→ **Task requirements**: Please copy the data exactly as it stands, minus the images.

━━ Stored data

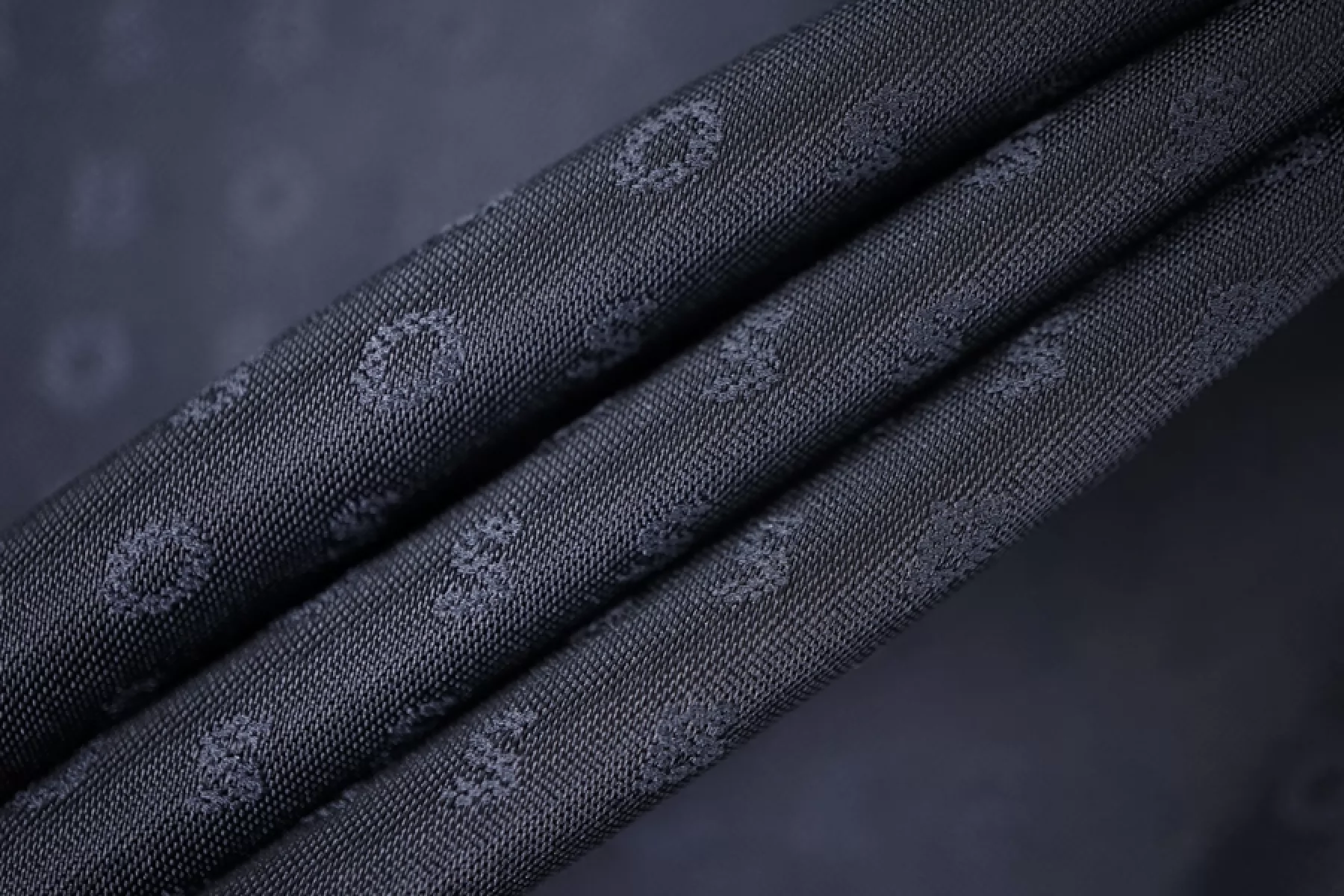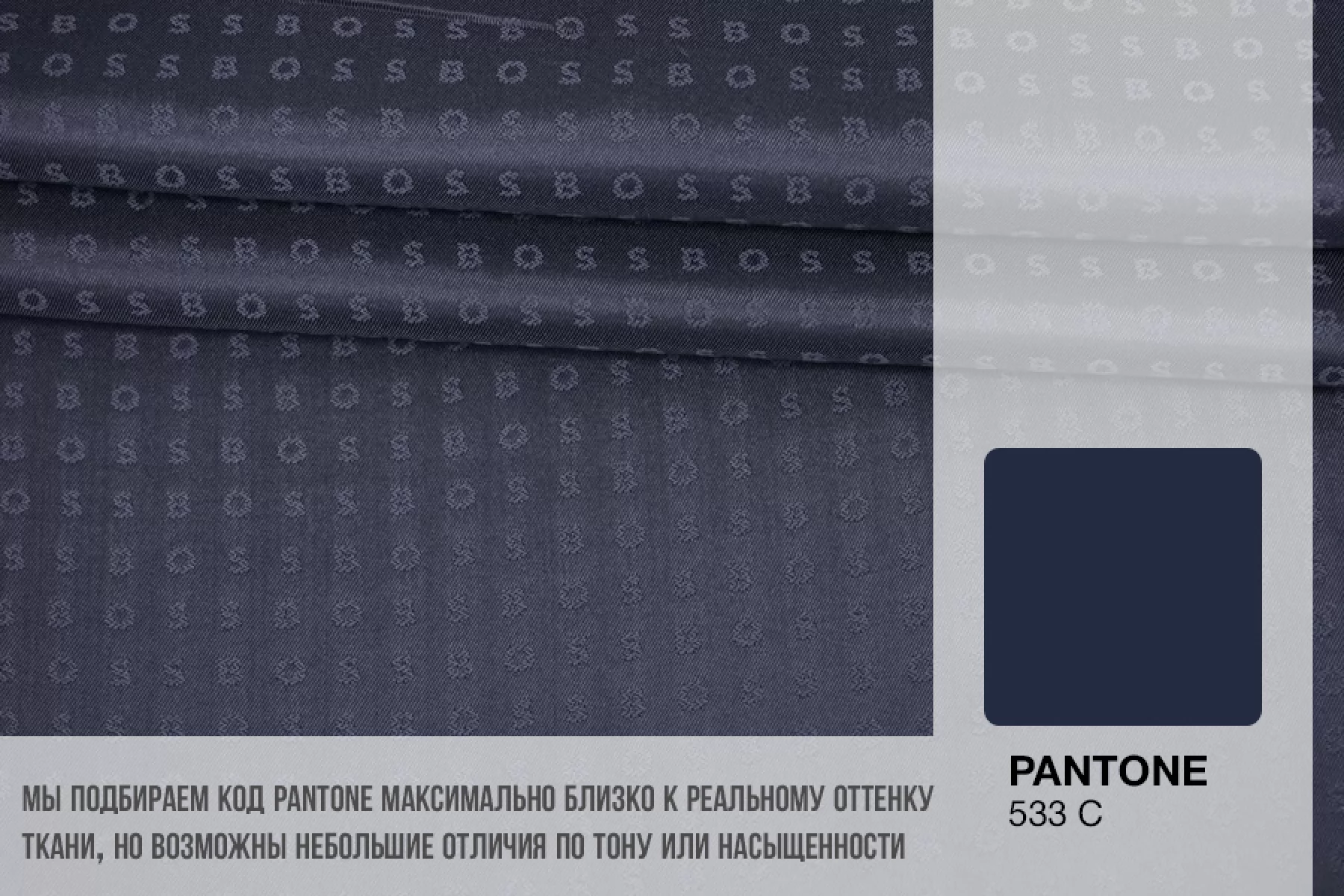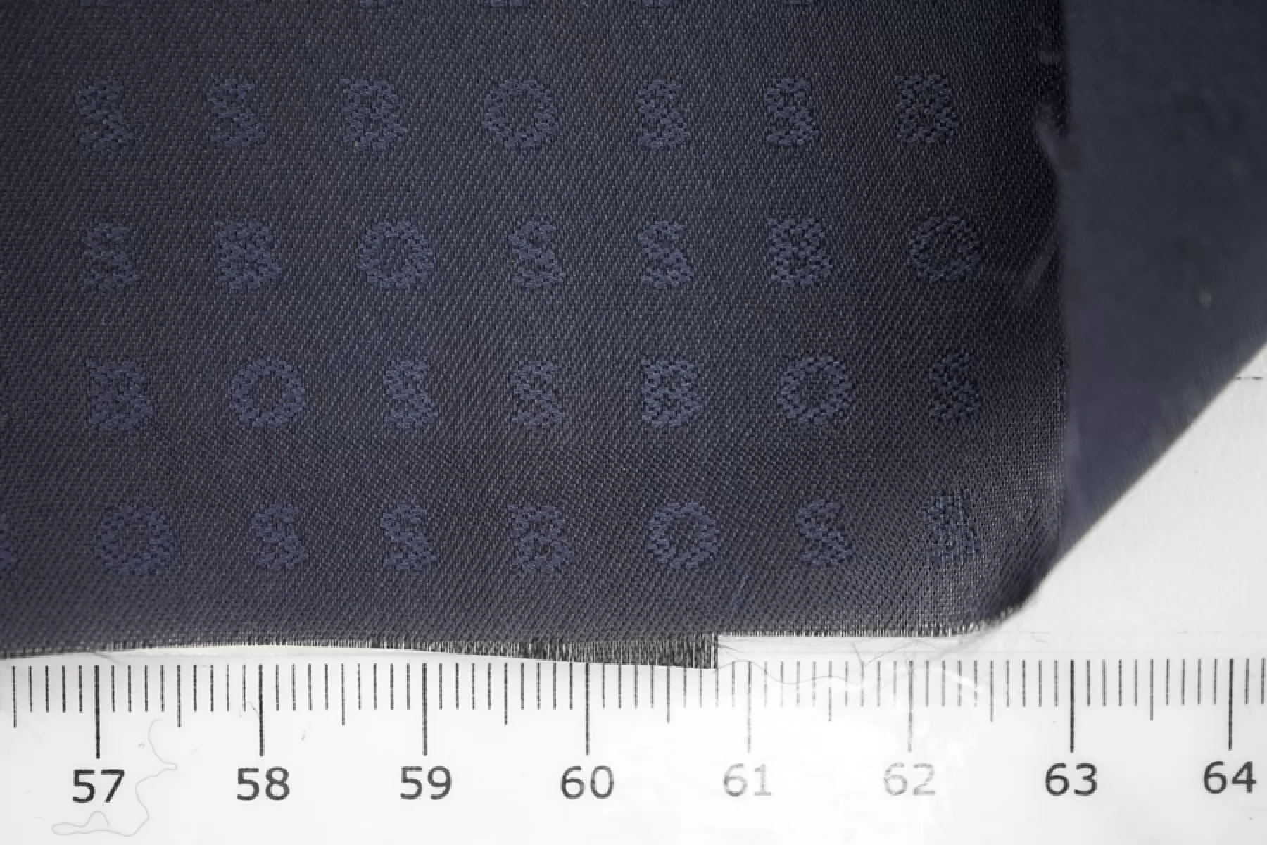 Жаккардовая подкладочная вискоза BOSS стрейч темно-синего оттенка, диагонального плетения с выработкой букв логотипа ( высота букв ~5 мм). Тактильно приятная, мягкая. Неплохо тянется за счет эластана. Просвечивает силуэт. Достаточно тонкая и легкая. Шелковистая, обладает приятным лоском. Немного мнется. Форму не держит. Отличный вариант подкладки к костюмно-плательной группе. Обязательно учитывайте возможную усадку 5-10%
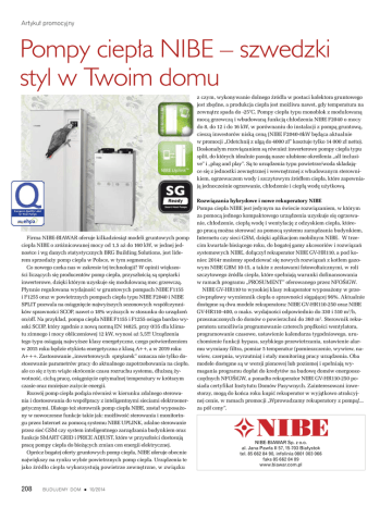 Artykuł promocyjny Pompy ciepła NIBE – szwedzki styl w Twoim domu z czym, wykonywanie dolnego źródła w postaci kolektora gruntowego jest zbędne, a produkcja ciepła jest możliwa nawet, gdy temperatura na zewnątrz spada do -25°C. Pompy ciepła typu monoblok z modulowaną mocą grzewczą i wbudowaną funkcją chłodzenia NIBE F2040 o mocy do 8, do 12 i do 16 kW, w porównaniu do instalacji z pompą gruntową, cieszą inwestorów niską ceną (NIBE F2040-8kW będąca aktualnie w promocji „Odetchnij z ulgą do 4000 zł” kosztuje tylko 14 000 zł netto). Doskonałym rozwiązaniem są również inwerterowe pompy ciepła typu split, do których idealnie pasują nasze ulubione określenia „all inclusive” i „plug and play”. Są to urządzenia typu powietrze/woda składające się z jednostki zewnętrznej i wewnętrznej z wbudowanym sterownikiem, ogrzewaczem wody i szczytowym źródłem ciepła, które zapewniają jednocześnie ogrzewanie, chłodzenie i ciepłą wodę użytkową. Firma NIBE-BIAWAR oferuje kilkadziesiąt modeli gruntowych pomp ciepła NIBE o zróżnicowanej mocy od 1,5 aż do 160 kW, w jednej jednostce i wg danych statystycznych BRG Building Solutions, jest liderem sprzedaży pomp ciepła w Polsce, w tym segmencie. Co nowego czeka nas w zakresie tej technologii? W opinii większości liczących się producentów pomp ciepła, przyszłością są sprężarki inwerterowe, dzięki którym uzyskuje się modulowaną moc grzewczą. Płynnie regulowana wydajność w gruntowych pompach NIBE F1155 i F1255 oraz w powietrznych pompach ciepła typu NIBE F2040 i NIBE SPLIT pozwala na osiągnięcie najwyższych sezonowych współczynników sprawności SCOP, nawet o 18% wyższych w stosunku do urządzeń on/off. Na przykład, pompa ciepła NIBE F1155 i F1255 osiąga bardzo wysoki SCOP, który zgodnie z nową normą EN 14825, przy 0/35 dla klimatu zimnego i mocy obliczeniowej 12 kW, wynosi aż 5,5!!! Urządzenia tego typu osiągają najwyższe klasy energetyczne, czego potwierdzeniem w 2015 roku będzie etykieta energetyczna z klasą A++, a w 2019 roku A+++. Zastosowanie „inwerterowych sprężarek” oznacza nie tylko dostosowanie parametrów pracy do aktualnego zapotrzebowania na ciepło, ale co się z tym wiąże skrócenie czasu rozruchu systemu, dłuższą żywotność, cichą pracę, osiągnięcie optymalnej temperatury w krótszym czasie oraz mniejsze zużycie energii. Rozwój pomp ciepła podąża również w kierunku zdalnego sterowania i dostosowania do współpracy z inteligentnymi sieciami elektroenergetycznymi. Dlatego też sterownik pomp ciepła NIBE, został wyposażony w nowoczesne funkcje takie jak: możliwość sterowania i monitoringu przez Internet za pomocą systemu NIBE UPLINK, zdalne sterowanie przez sieć GSM czy system inteligentnego zarządzania budynkiem oraz funkcje SMART GRID i PRICE ADJUST, które w przyszłości dostosują pracę pompy ciepła do bieżących zmian cen energii elektrycznej. Oprócz bogatej oferty gruntowych pomp ciepła, NIBE oferuje obecnie największy na rynku wybór powietrznych pomp ciepła. Urządzenia te jako źródło ciepła wykorzystują powietrze zewnętrzne, w związku 208 budujemy dom 10/2014 Rozwiązania hybrydowe i nowe rekuperatory NIBE Pompa ciepła NIBE jest jedynym na świecie rozwiązaniem, w którym za pomocą jednego kompaktowego urządzenia uzyskuje się ogrzewanie, chłodzenie, ciepłą wodę i wentylację z odzyskiem ciepła, którego pracą można sterować za pomocą systemu zarządzania budynkiem, Internetu czy sieci GSM, dzięki aplikacjom mobilnym NIBE. W trzecim kwartale bieżącego roku, do bogatej gamy akcesoriów i rozwiązań systemowych NIBE, dołączył rekuperator NIBE GV-HR110, a pod koniec 2014r możemy spodziewać się nowych rozwiązań z kotłem gazowym NIBE GBM 10-15, a także z zestawami fotowoltaicznymi, w roli szczytowego źródła ciepła, które spełniają warunki dofinansowania w ramach programu „PROSUMENT” oferowanego przez NFOŚiGW. NIBE GV-HR110 to wysokiej klasy rekuperator wyposażony w przeciwprądowy wymiennik ciepła o sprawności sięgającej 96%. Aktualnie dostępne są dwa modele rekuperatora: NIBE GV-HR110-250 oraz NIBE GV-HR110-400, o maks. wydajności odpowiednio do 330 i 510 m3/h, przeznaczonych do domów o powierzchni do 360 m2. Sterownik rekuperatora umożliwia programowanie czterech prędkości wentylatora, programowanie czasowe, ustawienie kalendarza tygodniowego, uruchomienie funkcji bypass, szybkiego przewietrzania, ustawienie alarmu wymiany filtra, pomiar 5 temperatur (pomieszczenie, wywiew, nawiew, czerpnia, wyrzutnia) i stały monitoring pracy urządzenia. Oba modele dostępne są w wersji pionowej lub poziomej i spełniają wymagania programu dopłat do kredytów na budowę domów energooszczędnych NFOŚiGW, a ponadto rekuperator NIBE GV-HR110-250 posiada certyfikat Instytutu Domów Pasywnych. Zainteresowani inwestorzy, mogą do końca roku kupić rekuperator w wyjątkowo atrakcyjnej cenie, w ramach promocji „Wprowadzamy rekuperatory z pompą!... za pół ceny”. NIBE-BIAWAR Sp. z o.o. al. Jana Pawła II 57, 15-703 Białystok tel. 85 662 84 90, infolinia 0801 003 066 faks 85 662 84 09 www.biawar.com.pl
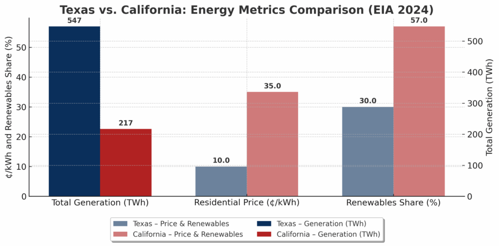 That chart tells the story: Texas still delivers more energy for less money, but the policy gap is closing — in the wrong direction. Texas is in danger of losing its competitive edge by repeating California’s mistakes.
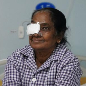 这是2024年12月24日在斯里兰卡科伦坡港停靠的中国海军“和平方舟”号医院船上拍摄的刚进行完白内障手术的本地患者。(新华社记者伍岳摄)
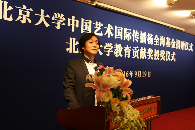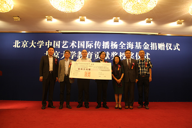 為了推動中國藝術的發(fā)展與傳播,特別是促進中國藝術的國際傳播,北京藝海影杰國際文化傳播中心董事長楊全海博士慷慨捐贈100萬元人民幣,用以資助北京大學藝術學院開展中國藝術國際傳播理論研究和人才培養(yǎng)。北京大學教育基金會胡俊副秘書長代表北京大學接受捐贈并授予楊全海博士“北京大學教育貢獻獎”,用以表彰楊全海博士對教育事業(yè)和公益事業(yè)的貢獻,以及對北大學子和中國藝術國際傳播的深深關愛和關注。
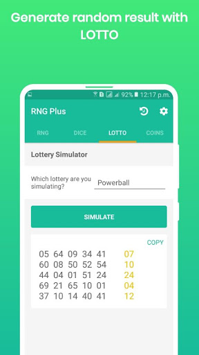 Feeling lucky? Then let's simulate a lottery or two! Generate 5 random lottery tickets/results with the click of a button. You can choose from simulating the Powerball or Mega Millions. Oh yeah, you can also copy the results to your clipboard with a simple click like with any Random Number Generator feature.

━━━━

→ **Reply to the exercise**:
 Жаккардовая подкладочная вискоза BOSS стрейч темно-синего оттенка, диагонального плетения с выработкой букв логотипа ( высота букв ~5 мм). Тактильно приятная, мягкая. Неплохо тянется за счет эластана. Просвечивает силуэт. Достаточно тонкая и легкая. Шелковистая, обладает приятным лоском. Немного мнется. Форму не держит. Отличный вариант подкладки к костюмно-плательной группе. Обязательно учитывайте возможную усадку 5-10%
 Artykuł promocyjny Pompy ciepła NIBE – szwedzki styl w Twoim domu z czym, wykonywanie dolnego źródła w postaci kolektora gruntowego jest zbędne, a produkcja ciepła jest możliwa nawet, gdy temperatura na zewnątrz spada do -25°C. Pompy ciepła typu monoblok z modulowaną mocą grzewczą i wbudowaną funkcją chłodzenia NIBE F2040 o mocy do 8, do 12 i do 16 kW, w porównaniu do instalacji z pompą gruntową, cieszą inwestorów niską ceną (NIBE F2040-8kW będąca aktualnie w promocji „Odetchnij z ulgą do 4000 zł” kosztuje tylko 14 000 zł netto). Doskonałym rozwiązaniem są również inwerterowe pompy ciepła typu split, do których idealnie pasują nasze ulubione określenia „all inclusive” i „plug and play”. Są to urządzenia typu powietrze/woda składające się z jednostki zewnętrznej i wewnętrznej z wbudowanym sterownikiem, ogrzewaczem wody i szczytowym źródłem ciepła, które zapewniają jednocześnie ogrzewanie, chłodzenie i ciepłą wodę użytkową. Firma NIBE-BIAWAR oferuje kilkadziesiąt modeli gruntowych pomp ciepła NIBE o zróżnicowanej mocy od 1,5 aż do 160 kW, w jednej jednostce i wg danych statystycznych BRG Building Solutions, jest liderem sprzedaży pomp ciepła w Polsce, w tym segmencie. Co nowego czeka nas w zakresie tej technologii? W opinii większości liczących się producentów pomp ciepła, przyszłością są sprężarki inwerterowe, dzięki którym uzyskuje się modulowaną moc grzewczą. Płynnie regulowana wydajność w gruntowych pompach NIBE F1155 i F1255 oraz w powietrznych pompach ciepła typu NIBE F2040 i NIBE SPLIT pozwala na osiągnięcie najwyższych sezonowych współczynników sprawności SCOP, nawet o 18% wyższych w stosunku do urządzeń on/off. Na przykład, pompa ciepła NIBE F1155 i F1255 osiąga bardzo wysoki SCOP, który zgodnie z nową normą EN 14825, przy 0/35 dla klimatu zimnego i mocy obliczeniowej 12 kW, wynosi aż 5,5!!! Urządzenia tego typu osiągają najwyższe klasy energetyczne, czego potwierdzeniem w 2015 roku będzie etykieta energetyczna z klasą A++, a w 2019 roku A+++. Zastosowanie „inwerterowych sprężarek” oznacza nie tylko dostosowanie parametrów pracy do aktualnego zapotrzebowania na ciepło, ale co się z tym wiąże skrócenie czasu rozruchu systemu, dłuższą żywotność, cichą pracę, osiągnięcie optymalnej temperatury w krótszym czasie oraz mniejsze zużycie energii. Rozwój pomp ciepła podąża również w kierunku zdalnego sterowania i dostosowania do współpracy z inteligentnymi sieciami elektroenergetycznymi. Dlatego też sterownik pomp ciepła NIBE, został wyposażony w nowoczesne funkcje takie jak: możliwość sterowania i monitoringu przez Internet za pomocą systemu NIBE UPLINK, zdalne sterowanie przez sieć GSM czy system inteligentnego zarządzania budynkiem oraz funkcje SMART GRID i PRICE ADJUST, które w przyszłości dostosują pracę pompy ciepła do bieżących zmian cen energii elektrycznej. Oprócz bogatej oferty gruntowych pomp ciepła, NIBE oferuje obecnie największy na rynku wybór powietrznych pomp ciepła. Urządzenia te jako źródło ciepła wykorzystują powietrze zewnętrzne, w związku 208 budujemy dom 10/2014 Rozwiązania hybrydowe i nowe rekuperatory NIBE Pompa ciepła NIBE jest jedynym na świecie rozwiązaniem, w którym za pomocą jednego kompaktowego urządzenia uzyskuje się ogrzewanie, chłodzenie, ciepłą wodę i wentylację z odzyskiem ciepła, którego pracą można sterować za pomocą systemu zarządzania budynkiem, Internetu czy sieci GSM, dzięki aplikacjom mobilnym NIBE. W trzecim kwartale bieżącego roku, do bogatej gamy akcesoriów i rozwiązań systemowych NIBE, dołączył rekuperator NIBE GV-HR110, a pod koniec 2014r możemy spodziewać się nowych rozwiązań z kotłem gazowym NIBE GBM 10-15, a także z zestawami fotowoltaicznymi, w roli szczytowego źródła ciepła, które spełniają warunki dofinansowania w ramach programu „PROSUMENT” oferowanego przez NFOŚiGW. NIBE GV-HR110 to wysokiej klasy rekuperator wyposażony w przeciwprądowy wymiennik ciepła o sprawności sięgającej 96%. Aktualnie dostępne są dwa modele rekuperatora: NIBE GV-HR110-250 oraz NIBE GV-HR110-400, o maks. wydajności odpowiednio do 330 i 510 m3/h, przeznaczonych do domów o powierzchni do 360 m2. Sterownik rekuperatora umożliwia programowanie czterech prędkości wentylatora, programowanie czasowe, ustawienie kalendarza tygodniowego, uruchomienie funkcji bypass, szybkiego przewietrzania, ustawienie alarmu wymiany filtra, pomiar 5 temperatur (pomieszczenie, wywiew, nawiew, czerpnia, wyrzutnia) i stały monitoring pracy urządzenia. Oba modele dostępne są w wersji pionowej lub poziomej i spełniają wymagania programu dopłat do kredytów na budowę domów energooszczędnych NFOŚiGW, a ponadto rekuperator NIBE GV-HR110-250 posiada certyfikat Instytutu Domów Pasywnych. Zainteresowani inwestorzy, mogą do końca roku kupić rekuperator w wyjątkowo atrakcyjnej cenie, w ramach promocji „Wprowadzamy rekuperatory z pompą!... za pół ceny”. NIBE-BIAWAR Sp. z o.o. al. Jana Pawła II 57, 15-703 Białystok tel. 85 662 84 90, infolinia 0801 003 066 faks 85 662 84 09 www.biawar.com.pl
 That chart tells the story: Texas still delivers more energy for less money, but the policy gap is closing — in the wrong direction. Texas is in danger of losing its competitive edge by repeating California’s mistakes.
 这是2024年12月24日在斯里兰卡科伦坡港停靠的中国海军“和平方舟”号医院船上拍摄的刚进行完白内障手术的本地患者。(新华社记者伍岳摄)
 為了推動中國藝術的發(fā)展與傳播,特別是促進中國藝術的國際傳播,北京藝海影杰國際文化傳播中心董事長楊全海博士慷慨捐贈100萬元人民幣,用以資助北京大學藝術學院開展中國藝術國際傳播理論研究和人才培養(yǎng)。北京大學教育基金會胡俊副秘書長代表北京大學接受捐贈并授予楊全海博士“北京大學教育貢獻獎”,用以表彰楊全海博士對教育事業(yè)和公益事業(yè)的貢獻,以及對北大學子和中國藝術國際傳播的深深關愛和關注。
 Feeling lucky? Then let's simulate a lottery or two! Generate 5 random lottery tickets/results with the click of a button. You can choose from simulating the Powerball or Mega Millions. Oh yeah, you can also copy the results to your clipboard with a simple click like with any Random Number Generator feature.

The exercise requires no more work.